» Exercise
While you copy the lines below, skip the pictures and keep the rest exact.

Data to examine Start Marker

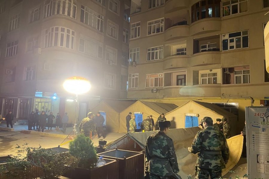 Bakı şəhəri, Binəqədi rayonu, Cavadxan küçəsində yerləşən çoxmərtəbəli yaşayış binasında baş vermiş partlayışla əlaqədar binaya qazın verilişinin müvəqqəti dayandırılması səbəbindən bina sakinlərinin gecələməsi üçün Fövqəladə Hallar Nazirliyinin Mülki müdafiə qoşunları tərəfindən ərazidə çadırlar qurulub.
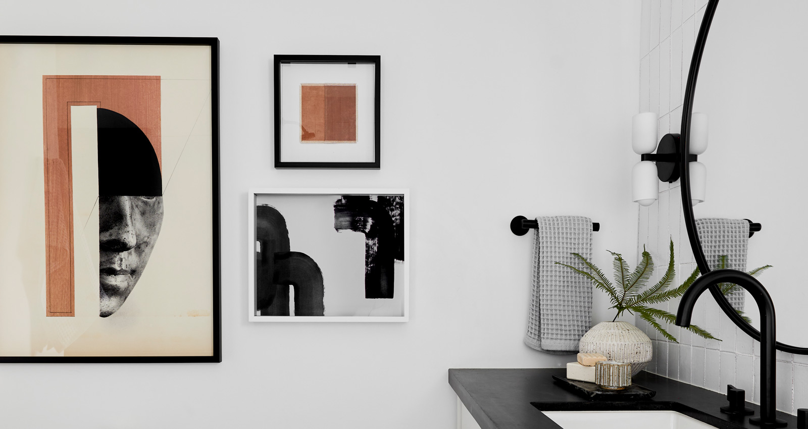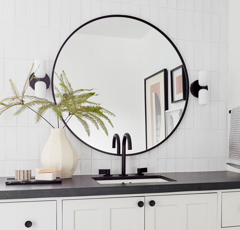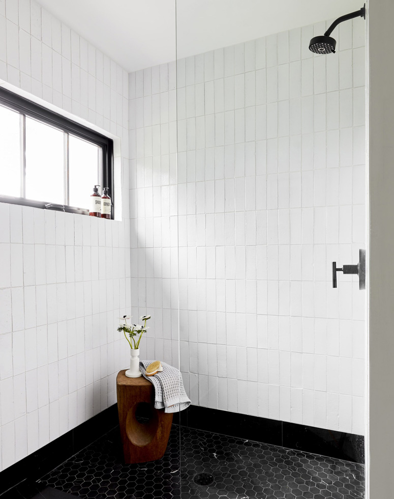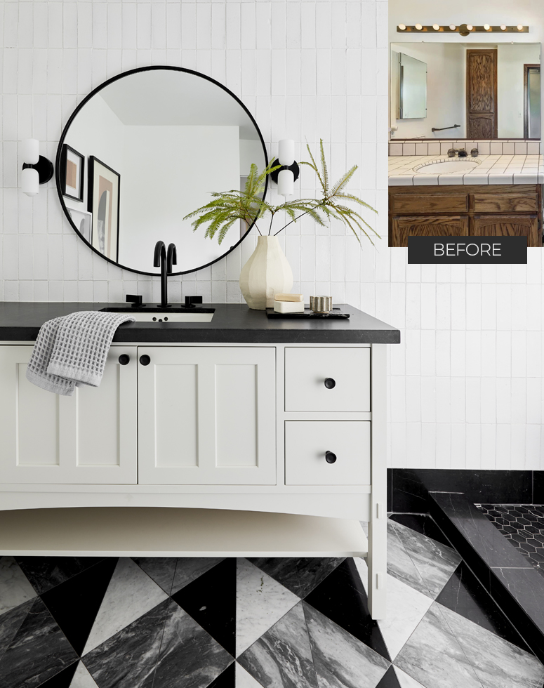 From drab to fab, the bathroom's previous woodsy elements are replaced with crisp, tailored black and white features - minimalist to the eye, but maximalist to the touch. Hand-glossed Fireclay tiles, marble floors, a soapstone countertop and the strikingly simple Glass Up/Down Sconces from In Common With balance the elements of nature in stylish ways, creating a spa-like atmosphere through refined restraint - a signature of Bobby Berk's style.
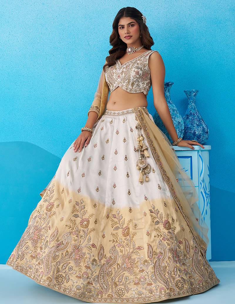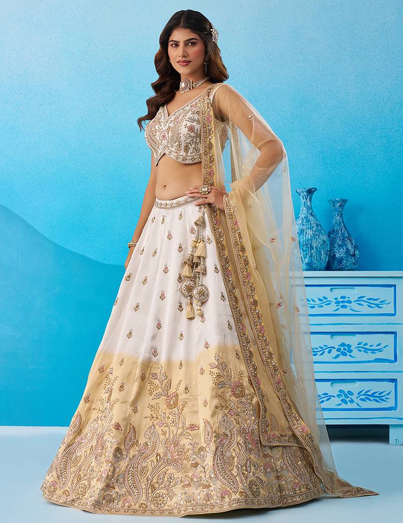 | Product Description | • Lehenga : Elegant Semi Stitched Lehenga Set Crafted In Premium Ombre Beige And Cream Tissue Fabric With Heavy Beads & Sequins And Embroidery Work. The Lehenga Features A 4.3 Meter Flair With A Colourful Heavy Border On The Hemline And Is Supported With Double Shantoon Inner, Can Can 12 & 18 Inches And Buckram 4 And 12 Inches For A Perfect Shape.
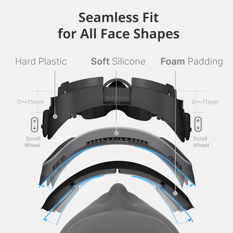 Denna ansiktsmask är kompatibel med alla Meta Quest 3-huvudremmar och anpassar sig sömlöst till ditt headset. Den mjuka silikonpolstringen formar sig naturligt efter olika ansiktsformer och ger en säker men bekväm passform för alla användare.
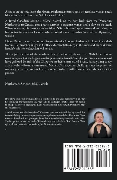 A knock on the head leaves the Mountie without a memory. And the tagalong woman needs him as the blizzard blows in. Will he wake in time? A Royal Canadian Mountie, Michel Martel, on the way back from the Wisconsin Northwoods to Canada, gets a nasty surprise--a tagalong woman and a blow to the head. When he wakes, his memory has vanished. With a blizzard upon them and no shelter, he has no time for amnesia. He orders the uninvited woman to gather firewood quickly, or they will die. Lisette Dupont, a woman on a mission--a misguided one--to find some liveliness in the drab frontier life. Now her knight in fur-flocked armor falls asleep in the snow, and she can't wake him. If he doesn't wake, what will she do? This is just the first of the northern frontier winter challenges that Michel and Lisette must conquer. But the biggest challenge is Lisette herself. Can she grow into a woman and leave girlhood behind? If the Chippewa medicine man, called Proud, has anything to say about it--she will--and the nuns--and Michel. Challenge after challenge starts the process of maturing her to the woman Lisette was born to be. It will all work out--if she survives the process. . Northwoods Series #7 86,577 words
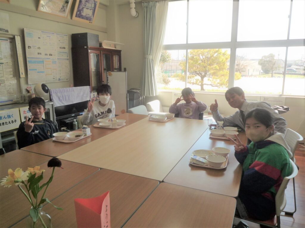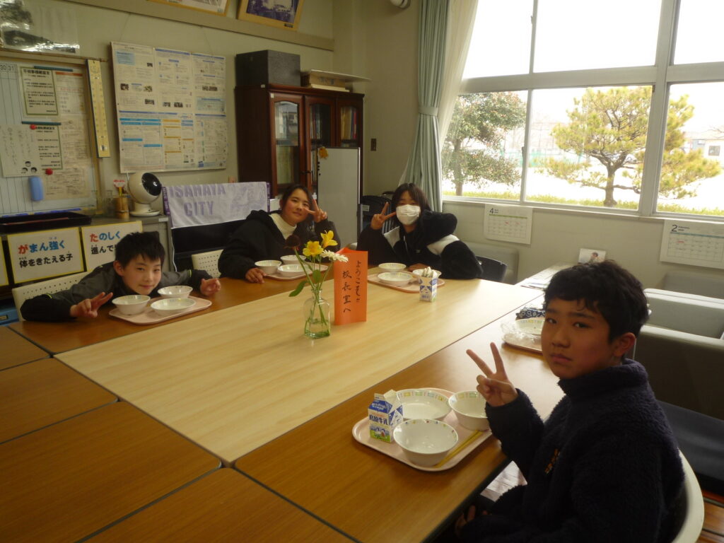 6年生の子ども達と給食会食を今週から始めました。各学級4~5名ずつ校長室に招き、給食を一緒に食べています。話題は小学校生活の思い出、将来の夢などです。少人数でゆったりと話す時間はとても貴重なひとときです。
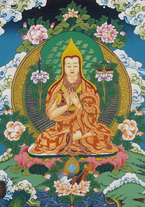 This is a Je Tsongkhapa thangka. The colors used in this thangka along with fine intricate linings of drawing make this thangka very peaceful.Je Ts...
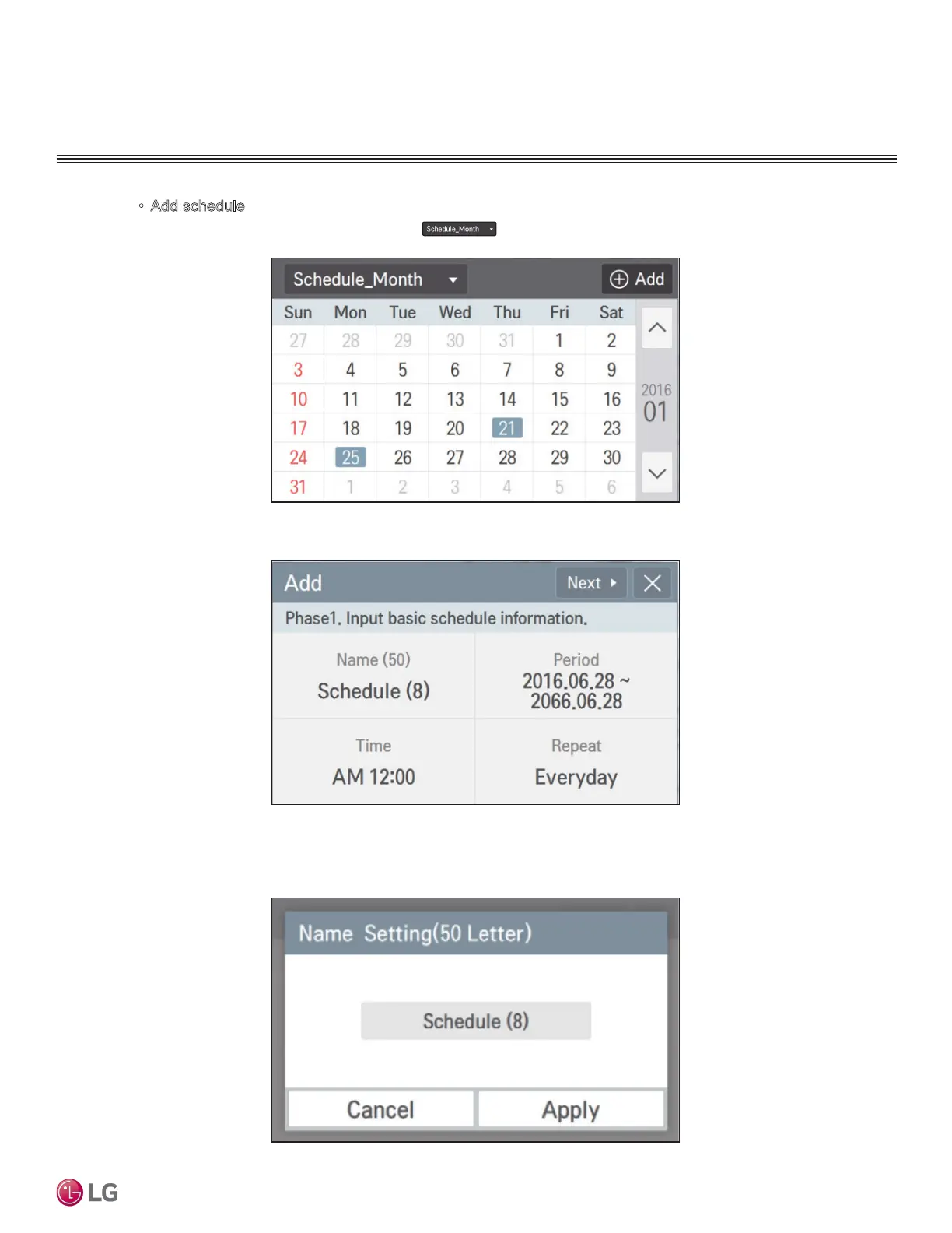 ① When you press the name area, a popup window to input the schedule name is displayed.
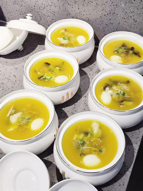 金玉满堂养荣盅这道药膳,将美味滋养与美好寓意完美融合,是一道滋养身心的珍宝之膳。汤品以金色、白色为主调——黄芪与金瓜的金色对应五行之“土”,主养脾胃,中医认为脾胃是“气血生化之源”,脾胃强健则身体根基稳固;麦冬、玉竹、松茸的白色对应五行之“金”,主养肺阴,肺主气司呼吸,肺阴充足则呼吸顺畅、皮肤润泽;松茸、金耳、牛肝菌等生长于深山的珍馐,富含天然营养;鸡肉、猪瘦肉、干贝、鸽子蛋等“血肉有情之品”,中医认为,这类食材能直接补充人体精血,滋养五脏六腑。金玉满堂本是形容财富充盈,而名为金玉满堂养荣盅的这道药膳赋予其新内涵:当人们五脏调和、气血充盈、精气神足,拥有一个健康的身体,才是人生最珍贵的“金玉满堂”。
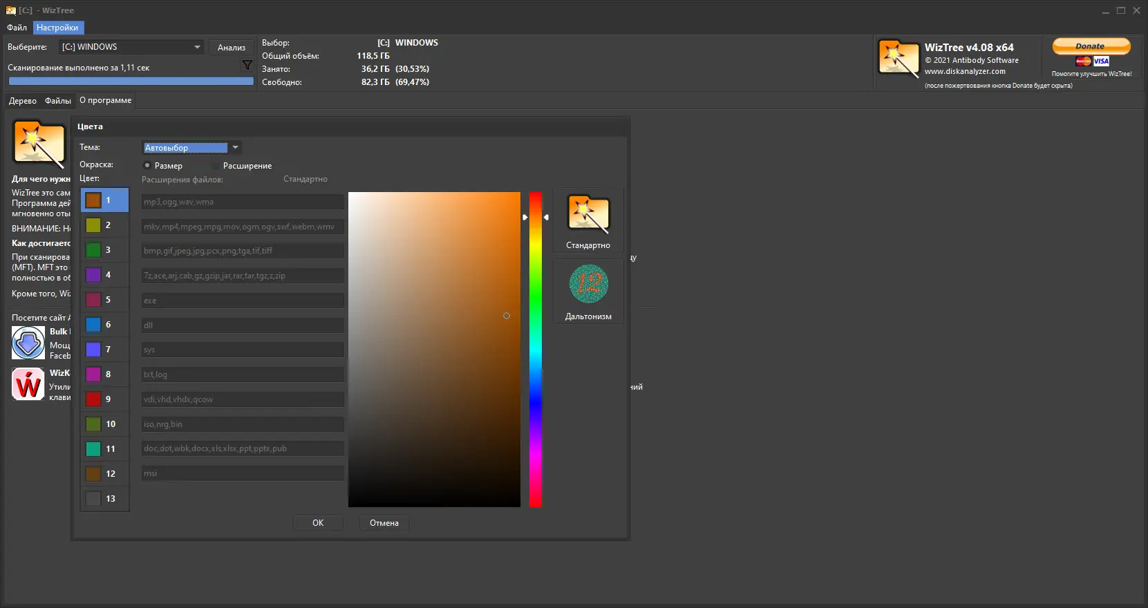 WizTree — это высокоскоростная утилита для анализа дискового пространства, позволяющая быстро выявить файлы и папки, занимающие наибольший объем на жестком диске. Благодаря прямому чтению файловой таблицы, программа сканирует накопители в разы быстрее аналогов, помогая эффективно решить задачу, как очистить диск от ненужных данных.

Data to examine End Marker

» Exercise result
 Bakı şəhəri, Binəqədi rayonu, Cavadxan küçəsində yerləşən çoxmərtəbəli yaşayış binasında baş vermiş partlayışla əlaqədar binaya qazın verilişinin müvəqqəti dayandırılması səbəbindən bina sakinlərinin gecələməsi üçün Fövqəladə Hallar Nazirliyinin Mülki müdafiə qoşunları tərəfindən ərazidə çadırlar qurulub.
 From drab to fab, the bathroom's previous woodsy elements are replaced with crisp, tailored black and white features - minimalist to the eye, but maximalist to the touch. Hand-glossed Fireclay tiles, marble floors, a soapstone countertop and the strikingly simple Glass Up/Down Sconces from In Common With balance the elements of nature in stylish ways, creating a spa-like atmosphere through refined restraint - a signature of Bobby Berk's style.
 | Product Description | • Lehenga : Elegant Semi Stitched Lehenga Set Crafted In Premium Ombre Beige And Cream Tissue Fabric With Heavy Beads & Sequins And Embroidery Work. The Lehenga Features A 4.3 Meter Flair With A Colourful Heavy Border On The Hemline And Is Supported With Double Shantoon Inner, Can Can 12 & 18 Inches And Buckram 4 And 12 Inches For A Perfect Shape.
 Denna ansiktsmask är kompatibel med alla Meta Quest 3-huvudremmar och anpassar sig sömlöst till ditt headset. Den mjuka silikonpolstringen formar sig naturligt efter olika ansiktsformer och ger en säker men bekväm passform för alla användare.
 A knock on the head leaves the Mountie without a memory. And the tagalong woman needs him as the blizzard blows in. Will he wake in time? A Royal Canadian Mountie, Michel Martel, on the way back from the Wisconsin Northwoods to Canada, gets a nasty surprise--a tagalong woman and a blow to the head. When he wakes, his memory has vanished. With a blizzard upon them and no shelter, he has no time for amnesia. He orders the uninvited woman to gather firewood quickly, or they will die. Lisette Dupont, a woman on a mission--a misguided one--to find some liveliness in the drab frontier life. Now her knight in fur-flocked armor falls asleep in the snow, and she can't wake him. If he doesn't wake, what will she do? This is just the first of the northern frontier winter challenges that Michel and Lisette must conquer. But the biggest challenge is Lisette herself. Can she grow into a woman and leave girlhood behind? If the Chippewa medicine man, called Proud, has anything to say about it--she will--and the nuns--and Michel. Challenge after challenge starts the process of maturing her to the woman Lisette was born to be. It will all work out--if she survives the process. . Northwoods Series #7 86,577 words
 6年生の子ども達と給食会食を今週から始めました。各学級4~5名ずつ校長室に招き、給食を一緒に食べています。話題は小学校生活の思い出、将来の夢などです。少人数でゆったりと話す時間はとても貴重なひとときです。
 This is a Je Tsongkhapa thangka. The colors used in this thangka along with fine intricate linings of drawing make this thangka very peaceful.Je Ts...
 ① When you press the name area, a popup window to input the schedule name is displayed.
 金玉满堂养荣盅这道药膳,将美味滋养与美好寓意完美融合,是一道滋养身心的珍宝之膳。汤品以金色、白色为主调——黄芪与金瓜的金色对应五行之“土”,主养脾胃,中医认为脾胃是“气血生化之源”,脾胃强健则身体根基稳固;麦冬、玉竹、松茸的白色对应五行之“金”,主养肺阴,肺主气司呼吸,肺阴充足则呼吸顺畅、皮肤润泽;松茸、金耳、牛肝菌等生长于深山的珍馐,富含天然营养;鸡肉、猪瘦肉、干贝、鸽子蛋等“血肉有情之品”,中医认为,这类食材能直接补充人体精血,滋养五脏六腑。金玉满堂本是形容财富充盈,而名为金玉满堂养荣盅的这道药膳赋予其新内涵:当人们五脏调和、气血充盈、精气神足,拥有一个健康的身体,才是人生最珍贵的“金玉满堂”。
 WizTree — это высокоскоростная утилита для анализа дискового пространства, позволяющая быстро выявить файлы и папки, занимающие наибольший объем на жестком диске. Благодаря прямому чтению файловой таблицы, программа сканирует накопители в разы быстрее аналогов, помогая эффективно решить задачу, как очистить диск от ненужных данных.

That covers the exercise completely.